秦风转身,目光落在操作台上瓶瓶罐罐上,“医用的,别拿生锈的糊弄我。”
王博文一愣。
捣药罐?
在中医科或许常见,但在重症监护室这种全是插管和呼吸机的地方,上哪去找?
“没听见?”秦风偏过头。
王博文浑身一激灵,职业的傲气荡然无存。
“有!我去拿!药房有!”
堂堂科室主任,跑得比实习生还快,白大褂的下摆飞起,火急火燎地冲出了ICU大门。
把外面的苏天枭看得一愣一愣的。
不到两分钟。
王博文气喘吁吁地跑回来,怀里抱着一只不锈钢捣药罐和一根捣药杵。
“秦老师,您……您要这个干什么?”王博文小心翼翼地把东西放在无菌操作台上,满眼不解。
秦风没解释。
他从口袋里掏出灰扑扑的小瓷瓶。
倒过来,抖了抖。
一团黑乎乎、散发着怪味的东西掉了出来,“吧唧”一声落在罐底。
这是昨天给苏清雪炼制解药时,锅底刮下来的残渣。
虽然是边角料,但融合了千年雪莲药性的精华,哪怕是糊了一点焦,放在外面也是能抢破头的宝贝。
秦风拧开一瓶生理盐水,大概倒了半瓶进去。
然后握住捣药杵,开始捣。
动作随意,姿势粗糙。
就像是在路边摊捣蒜泥。
王博文站在一旁,眼角直抽抽。
无菌操作呢?
剂量控制呢?
这玩意儿黑不溜秋的,看着比下水道的淤泥还脏,能往人身上用?
但他不敢吭声。
刚才解剖刀的残影还印在他脑子里。
他怕多嘴一句,秦风直接把他扔出去。
两分钟后。
一罐子粘稠、发黑的糊状物成了。
秦风端着罐子走到病床尾部,掀开盖在苏文斌断腿上的无菌纱布。
那一截断肢,骨头茬子惨白,切面血肉模糊。
秦风也不用什么棉签压舌板,直接伸出两根手指,挖了一坨黑泥,“啪”的一声糊在断骨切面上。
王博文倒吸一口凉气,本能地想要伸手阻拦:
“感染!这会引起严重……”
滋啦——
一声细微的轻响打断了他的惊呼。
声音就像是一滴冷水掉进了滚烫的油锅里。
王博文瞪大了眼睛,直勾勾地盯着断腿。
只见涂抹了黑泥的切面上,原本有些发灰坏死的组织,竟然以肉眼可见的速度泛起了红润。
紧接着,无数细小的肉芽疯狂地冒了出来,蠕动着,交织着,贪婪地吸收着黑泥里的药力。
血止住了。
原本坑坑洼洼的创面,竟然开始缓慢愈合、结痂。
“这……这不科学……”
王博文腿一软,扶着床沿才没跪下去。
细胞分裂需要周期,组织再生需要时间,这是生物学的铁律。
可眼前这一幕,完全是在按快进键!
难道是传说中的……黑玉断续膏?
不,就算是那个也没这么霸道!
秦风擦了擦手。
“腿已经截肢,不可能再生,不过命总算保住了。

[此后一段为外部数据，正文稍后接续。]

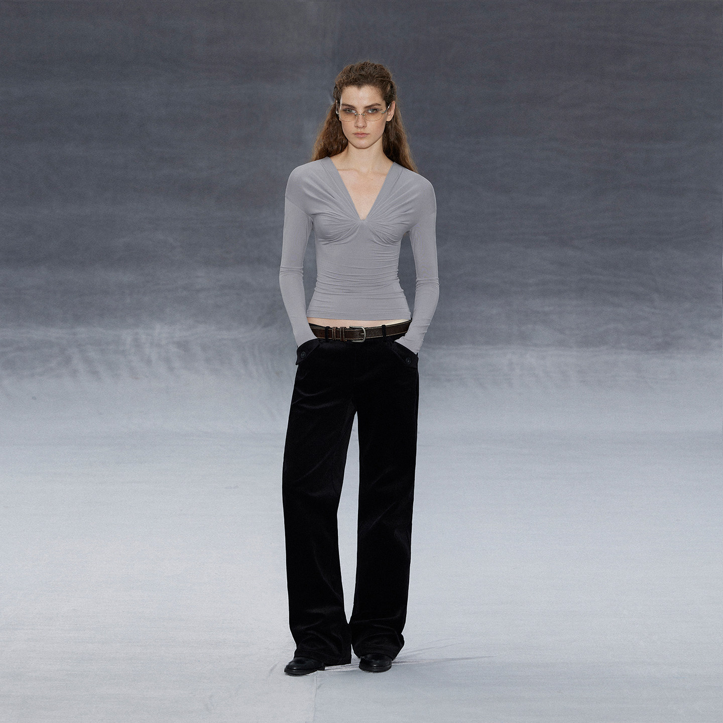 Wcoumq | V-Neck Pleated Slim Knitted Pullover Top for Women – Casual Touch Series Slim-Fit Knitwear
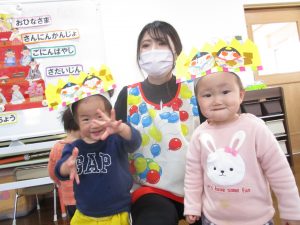 昨日はひなまつりでしたね。園ではひなまつり会をしました。
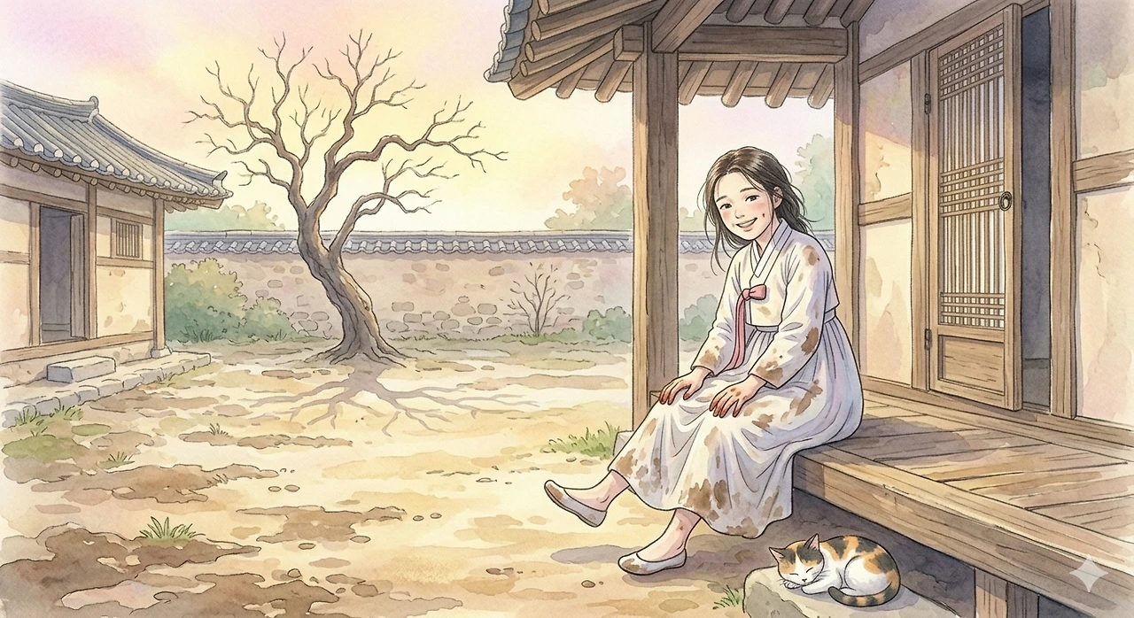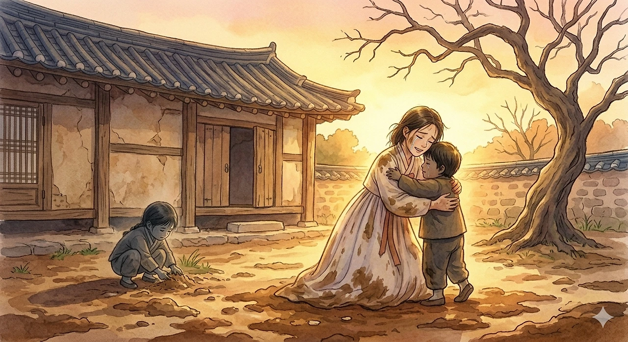 동이가 된 연이는 이제 배나무 아래 누워 가만히 숨을 고릅니다. 그녀의 손톱 밑에는 지워지지 않는 붉은 황토 흙이 훈장처럼 진하게 배어 있습니다.
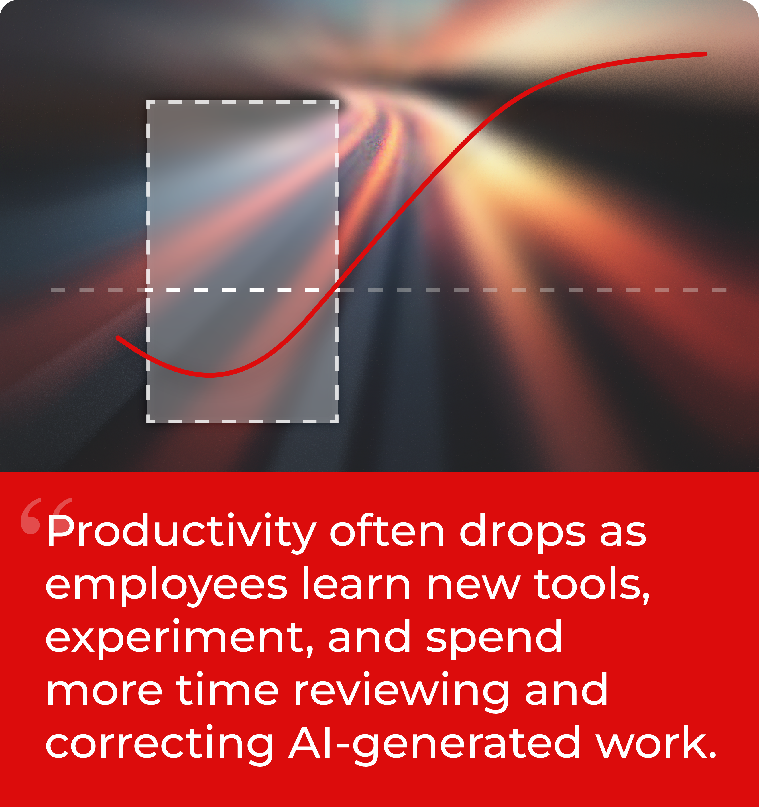Many organizations misread what happens in the first phase of adoption. Productivity often drops and output quality becomes inconsistent as employees learn new tools, experiment, and spend more time reviewing and correcting AI-generated work. Leaders may conclude that the technology is not delivering but this is simply the predictable and necessary learning curve.

”
说完,秦风绕到床头。
最关键的一步来了。
此时的苏文斌,虽然有了心跳,有了呼吸,断肢也在恢复,但整个人依然像是一具没有灵魂的躯壳。
眼神空洞,只有眼白。
秦风从针包里抽出一根最长的银针。
封脉针,既能封命,也能渡魂。
他捏住针尾,拇指和食指轻轻一搓。
嗡。
银针并未接触任何物体,却发出了一声极低频的颤鸣。
王博文只觉得耳膜一痛,还没反应过来,秦风手中的长针已经落下。
噗。
五寸长针,精准刺入苏文斌头顶的百会穴。
这一针没入极深,几乎只剩下一个针尾留在外面。
“起。”
秦风口中轻吐一字,指尖对着针尾屈指一弹。
一股霸道的内劲,顺着银针,蛮横地钻入苏文斌的颅腔,直冲大脑皮层。
原本安安静静躺在床上的苏文斌,身体猛地绷紧成一张弓!
“咯咯……咯咯咯……”
他的喉咙里发出令人毛骨悚然的声音。
像是被人掐住了脖子的老公鸡,又像是溺水的人在垂死挣扎。
双眼剧烈上翻,原本就浑浊的眼球只剩下惨白的巩膜,布满红血丝。
全身剧烈抽搐,四肢乱颤,铁床被震得哐哐作响。
嘀嘀嘀嘀——!!
监护仪上的警报声响成一片,心率直线飙升到180,脑电波更是乱成了一团杂草。
“癫痫!癫痫发作了!”
王博文吓得魂飞魄散,职业本能让他大喊起来:
“快!镇定剂!他会咬舌头!给牙垫!!”
这哪里是救人,分明是要把人折腾死!
玻璃墙外。
一直趴在窗户上的苏天枭更是吓疯了。
他听不见声音,只看见儿子像触电一样在床上疯狂弹动,翻着白眼,一副马上就要断气的样子。
“秦爷!!秦爷手下留情啊!!”
苏天枭整张脸贴在玻璃上,挤得五官变形,拼命拍打着窗户,眼泪鼻涕糊了一窗。
秦风置若罔闻。
他单手按住苏文斌起伏剧烈的胸口,任凭苏文斌如何挣扎也动弹不得分毫。
镇定剂?
那是给活人用的。
这小子现在的魂还在鬼门关门口晃悠,不打痛了,他不知道往回跑。
秦风看着翻着白眼的脸,眼神一冷。
以前欺负苏清雪的时候,挺威风的?
现在想舒舒服服地醒过来?
做梦。
秦风腾出右手,高高扬起。
没有任何犹豫。
也没用任何内劲,纯粹的肉体力量。
啪!!
一声清脆到极点的耳光声,在嘈杂的ICU里炸响。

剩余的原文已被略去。